Can Benford’s Law practically identify fraud? It’s one of many tests you can use to discover fictitious numbers in supposedly random data sets, such as monetary amounts of purchase transactions. In this case, a comptroller successfully uses Benford’s Law to search for anomalies in warranty claims.

John, the controller of Rafal Inc., is in a quandary. Peter, the company’s financial analyst, says he’s found an abnormal spike in the warranty claims for FY 2019 as compared to FY 2018. John is perplexed as to how a discrepancy could’ve found its way into the payment process when he knows for certain that his team has been following tried-and-true documented “enterprise resource planning” procedures. He discusses the issue with Tim, a forensic consultant, who introduces him to the world of Benford’s Law. The heralded law could settle the issue. (Names and details have been changed in this case history.)

Benford’s Law and its historical evolution

Benford’s Law is a statistical method for detecting any manual intervention in an otherwise automated operational transaction activity.

In 1881, Simon Newcomb, an American astronomer, made an observation in the pattern of usage of logarithm tables. He found that the logarithm pages that began with “1” were more worn out than other pages. He inferred that pages commencing with 1 had far more frequent usage. (See Newcomb’s paper, Note on the Frequency of Use of the Different Digits in Natural Numbers.)

In the 1920s, Frank Benford, a physicist at General Electric, observed — as did Newcomb — the pages of logarithm table books covering numbers with the initial digits “1” and “2” were more worn and dirtier than pages for “7,” “8” and “9.” (See Digital Analysis Using Benford’s Law, by Mark J. Nigrini, Ph.D., Global Audit Publications, 2000.)

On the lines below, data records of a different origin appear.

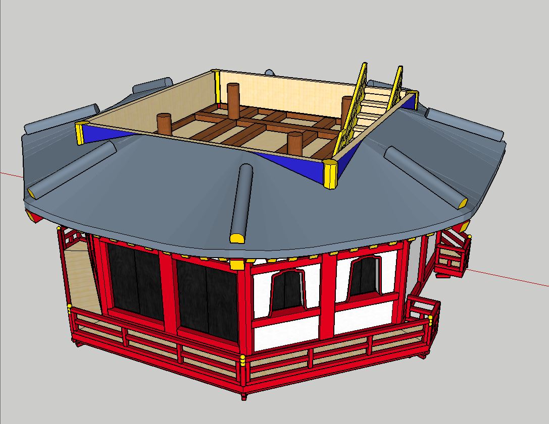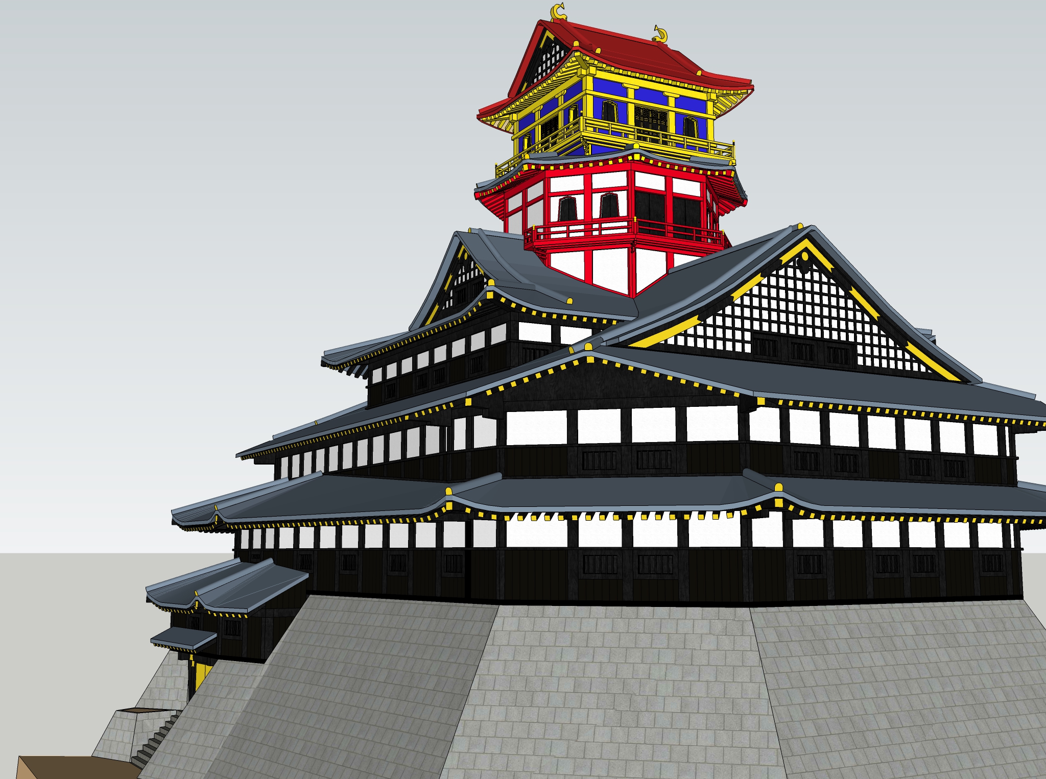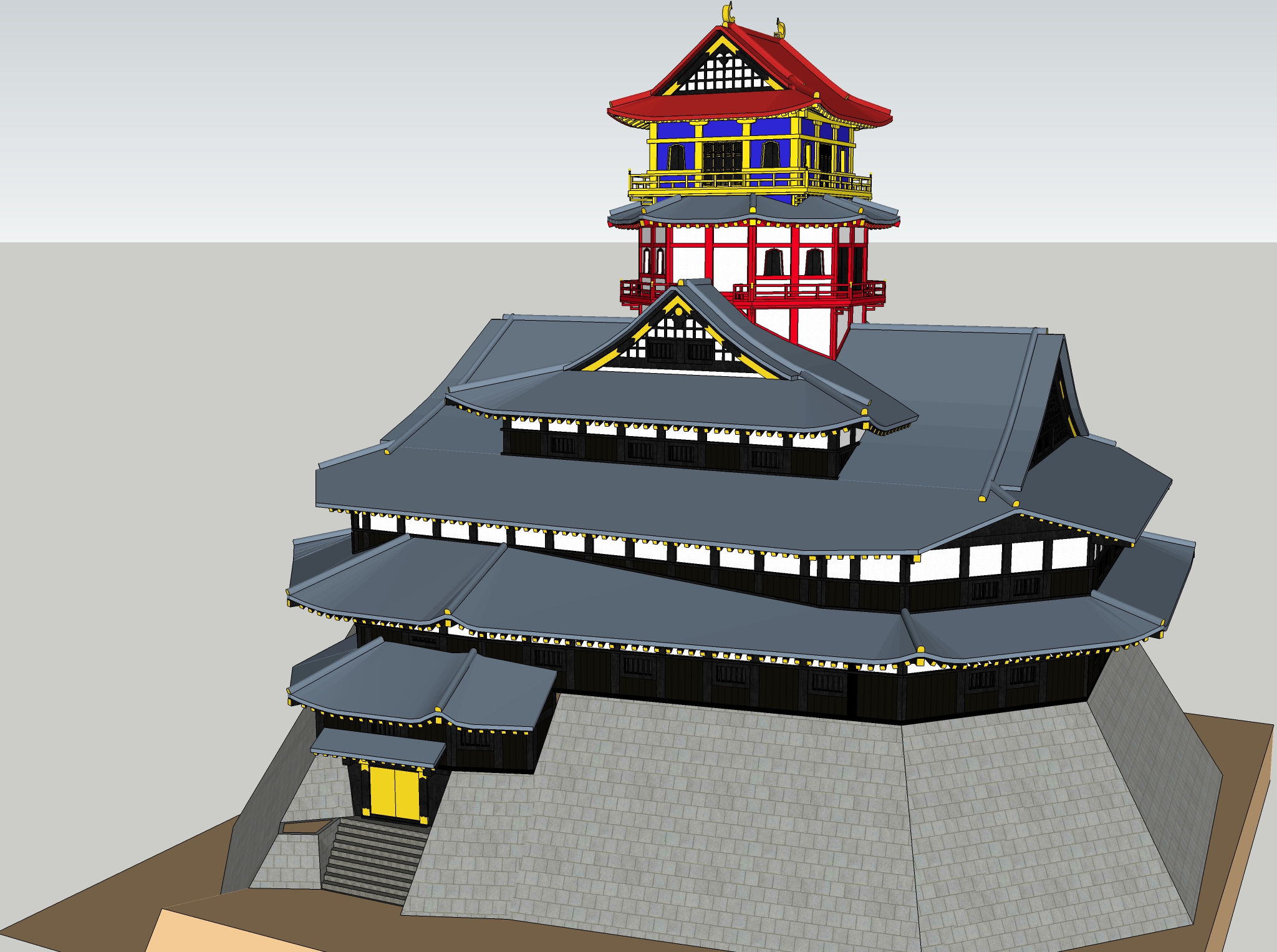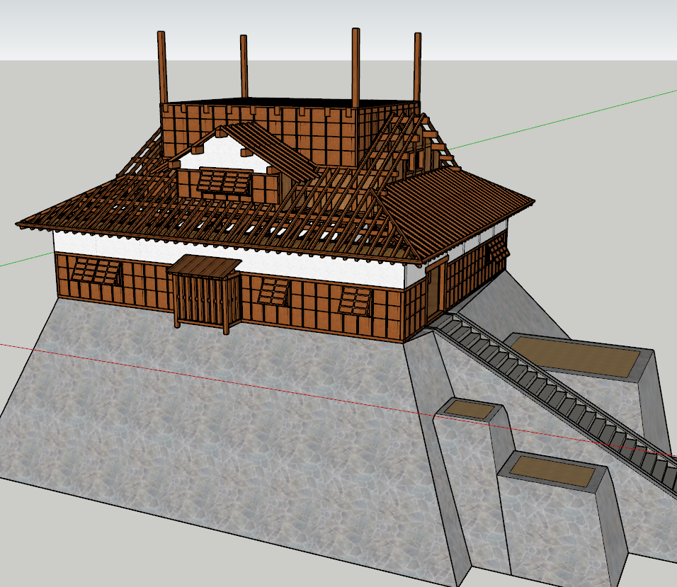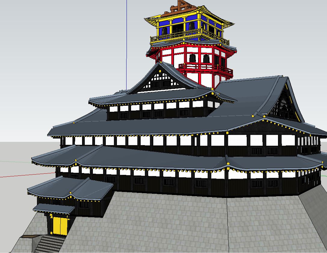 ちなみに、このときは一階の底面を基準(原点の高さ)として作成したのですが、完成したときに原点の高さに影ができてしまうので失敗でした。石垣の底面を原点の高さに合わせるべきでした(完成してから修正)。
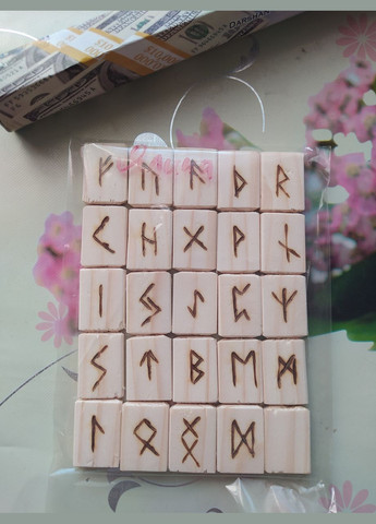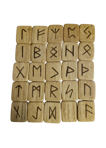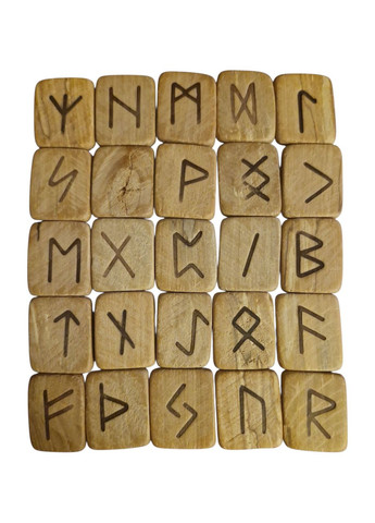 Набор деревянных рун(ель) для гадания, размер 30 Х 20 мм. Само слово runa означает «тайна», восходя к древнейшему индогерманскому корню со значением «прятать, скрывать». Его следы сохранились и в современных языках, сравним, например, немецкое raunen — «нашептывать», латышское runat — «говорить» или финское runo –"стихотворение, заклинание». Руны — магические и алфавитные знаки, использовавшиеся народами Европы от черноморского побережья до далекой Гренландии. Руны высекали на камнях или вырезали на дереве, ими украшали оружие, посуду, различные предметы, писали заклинания над входом в дом и на носах кораблей. Первые из сохранившихся рунических надписей относят к III в. н. э., однако многие знаки имеют гораздо более древнее происхождение, восходя к магическим символам кельтских жрецов-друидов. С течением веков начертание и значение знаков менялись. Долгое время они служили только для магических целей и для гадания: древние кельты, скандинавы и готы не знали письменности. Значение букв алфавита руны приобрели относительно поздно, после вторжения кельтов в Италию (IV в. до н. э. ). Одни знаки были переосмыслены, другие добавлены в подражание знакам латинского или, возможно, даже этрусского письма. Третьи так и не вошли в алфавит и для письма не использовались: их значение осталось чисто магическим и держалось в секрете от непосвященных. От кельтов рунная грамота перешла к германским, а потом и к скандинавским племенам. Разные племена создали разные модификации алфавита: так, на британских островах он состоял из 33 букв, в германских землях — из 24, а в далекой Исландии всего из 16 букв. Знатоки рун были магами и врачевателями; они носили особую одежду, учили молодежь и пользовались всеобщим уважением. Впрочем, в той или иной мере рунной грамотой владели все представители племени. Каждая руна имела собственное имя и связывалась с тем или иным божеством, предметом или явлением. Выкладывая руну из деревянных палочек или нанося ее изображение на березовую кору или камень, на древко копья или на поверхность глиняного сосуда, врачеватель, воин или охотник обращался непосредственно к той сущности, которую руна обозначала, чтобы воздействовать на нее определенным образом. Врачеватель изгонял болезнь, воин просил победы в бою, охотник привлекал добычу. Для усиления воздействия имя руны произносили или распевали в особой песни. Желая вызвать бурю, наслать болезнь или гибель на врага, пели т. н. «злую песнь» или совершали зейд — магический обряд, включавший пение и танец. Руническая магия Магией владели не только мужчины, но и женщины. Так, зейд вообще полагалось исполнять только женщинам; предсказанием будущего у древних норманнов занимались особые прорицательницы — волюры. С помощью песен и рун заклинали также духов и домовых, мертвецов и троллей. С приходом христианства рунический алфавит был признан «языческим» и быстро вытеснен из употребления. Попытка (вест-) готского епископа Вульфилы использовать руны для передачи текстов Священного Писания (IV в. н. э. ) не помогла: его труд был забыт даже раньше, чем погибло вестготское королевство. Латинский алфавит был удобнее. В среднем от принятия христианства до полного забвения рунных знаний проходило от трех до пяти столетий. Принципы «языческой» магии и древние легенды объявлялись вредным колдовством, 
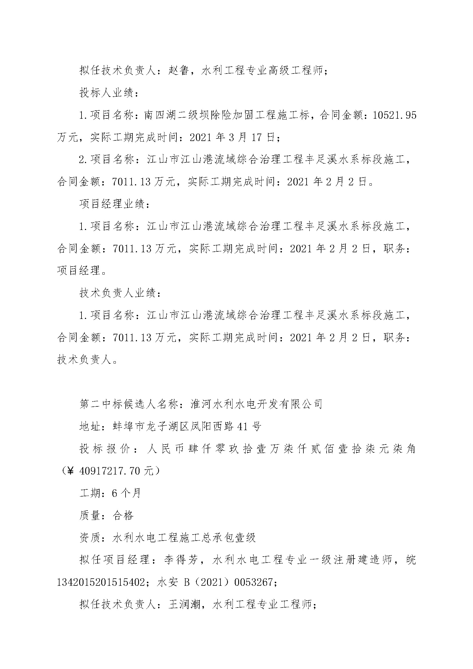 第二中标候选人名称:淮河水利水电开发有限公司
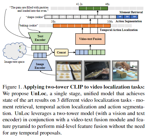 trimmed video을 다루는 tasks에서는 CLIP과 같은 image-text 사전 학습 모델을 활용하는 연구가 많이 진행되고 있습니다. 하지만, untrimmed video를 다루는 tasks에서는 CLIP을 활용하는 연구가 아직 많이 진행되지 않았습니다. 따라서 저자는 untrimmed video에서 사전 학습된 image-text 모델과 feature pyramid를 활용하여 프레임 단위로 relavancy score와 start/end time displacements를 예측하는 모델 UnLoc을 제안합니다. UnLoc은 Moment Retrieval, Temporal Localization, Action Segmentation 총 3가지 task에서 활용 가능한 모델입니다.

Because the first few pages of a logarithm book list multi-digit logs beginning with the digits 1, 2 and 3, Benford theorized that scientists spent more time dealing with logs that began with those numerals. He also found that with each succeeding first digit, the amount of time scientists used it was decreased.

So, he concluded that in a population of naturally occurring multi-digit numbers, those numbers beginning with 1, 2 or 3 must appear more frequently than multi-digit numbers beginning with the digits 4 through 9. Also, the first digit of the numbers will be distributed in a predictable and expected way. Instead of the frequencies of the first digit being equal (a 1 out of 9 chance for each of the digits 1 through 9), the first digit of a multi-digit number typically follows a different pattern. Predictable patterns also occur in the second and third digits of multi-digit numbers. However, in this article, I limit its application to the first digit only.

(For more information, see the online ACFE Fraud Examiners Manual, Section 3: Investigation/Data Analysis and Reporting Tools/Using Data Analysis Software.)

In 1938, Benford tested his hypothesis with data across 20 different domains with a total of 20,229 observations. His population of data included surface areas of 335 rivers, the sizes of 3,259 U.S. populations, 1,800 molecular weights, the street numbers of scientists listed in an edition of American Men of Science and the numbers in an issue of Readers Digest, among others. The premise was based on the idea that the first digit of a data set follows a logarithmic progression. The data analysis supported Benford’s hypothesis. (See The Law of Anomalous Numbers, by Frank Benford, Proceedings of the American Philosophical Society, March 31, 1938, volume 78, No. 4.)

Mark J. Nigrini, Ph.D., published the article, “Using Digital Frequencies to Detect Fraud,” in the April/May 1994 issue of the ACFE’s The White Paper, the precursor to Fraud Magazine. “This article offers fraud examiners and auditors a new tool to consider in the detection of fraud,” he wrote. And, indeed, it was a beginning. (Nigrini, now a professor at West Virginia University, went on to help popularize Benford’s Law in the latter part of the last century.)

So, the goal of a Benford’s Law analysis is to identity fictitious numbers. Most fraudsters fail to consider the Benford’s Law pattern when creating false documentation of transactions to cover their tracks. Consequently, testing data sets for the occurrence or non-occurrence of the predictable digit distribution can help identify included numbers that aren’t legitimate.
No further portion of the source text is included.